(WHAT IS EXPECTED): Keep only the lines of the data below that contain "look", and copy them.

(TASK DATA):
════════════════════

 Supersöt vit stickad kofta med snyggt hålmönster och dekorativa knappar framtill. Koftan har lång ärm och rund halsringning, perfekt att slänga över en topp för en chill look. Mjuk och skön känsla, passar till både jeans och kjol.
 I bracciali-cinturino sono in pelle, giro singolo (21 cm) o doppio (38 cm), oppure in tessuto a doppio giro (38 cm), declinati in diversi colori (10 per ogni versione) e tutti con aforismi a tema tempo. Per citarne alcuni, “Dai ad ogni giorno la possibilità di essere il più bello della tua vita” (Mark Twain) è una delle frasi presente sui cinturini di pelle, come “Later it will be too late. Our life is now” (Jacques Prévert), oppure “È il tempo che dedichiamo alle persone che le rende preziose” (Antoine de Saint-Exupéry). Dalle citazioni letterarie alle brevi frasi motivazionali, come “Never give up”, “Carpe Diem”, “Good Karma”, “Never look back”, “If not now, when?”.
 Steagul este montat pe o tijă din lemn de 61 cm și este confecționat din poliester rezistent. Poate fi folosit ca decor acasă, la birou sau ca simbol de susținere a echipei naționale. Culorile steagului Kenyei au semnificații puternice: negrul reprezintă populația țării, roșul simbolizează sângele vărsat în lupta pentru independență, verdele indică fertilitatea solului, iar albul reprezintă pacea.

════════════════════

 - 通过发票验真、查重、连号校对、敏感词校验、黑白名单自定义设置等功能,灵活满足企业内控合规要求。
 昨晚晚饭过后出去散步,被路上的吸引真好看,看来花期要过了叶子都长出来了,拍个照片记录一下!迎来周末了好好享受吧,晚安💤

════════════════════

(REPLY TO THE EXERCISE):
 Supersöt vit stickad kofta med snyggt hålmönster och dekorativa knappar framtill. Koftan har lång ärm och rund halsringning, perfekt att slänga över en topp för en chill look. Mjuk och skön känsla, passar till både jeans och kjol.
 I bracciali-cinturino sono in pelle, giro singolo (21 cm) o doppio (38 cm), oppure in tessuto a doppio giro (38 cm), declinati in diversi colori (10 per ogni versione) e tutti con aforismi a tema tempo. Per citarne alcuni, “Dai ad ogni giorno la possibilità di essere il più bello della tua vita” (Mark Twain) è una delle frasi presente sui cinturini di pelle, come “Later it will be too late. Our life is now” (Jacques Prévert), oppure “È il tempo che dedichiamo alle persone che le rende preziose” (Antoine de Saint-Exupéry). Dalle citazioni letterarie alle brevi frasi motivazionali, come “Never give up”, “Carpe Diem”, “Good Karma”, “Never look back”, “If not now, when?”.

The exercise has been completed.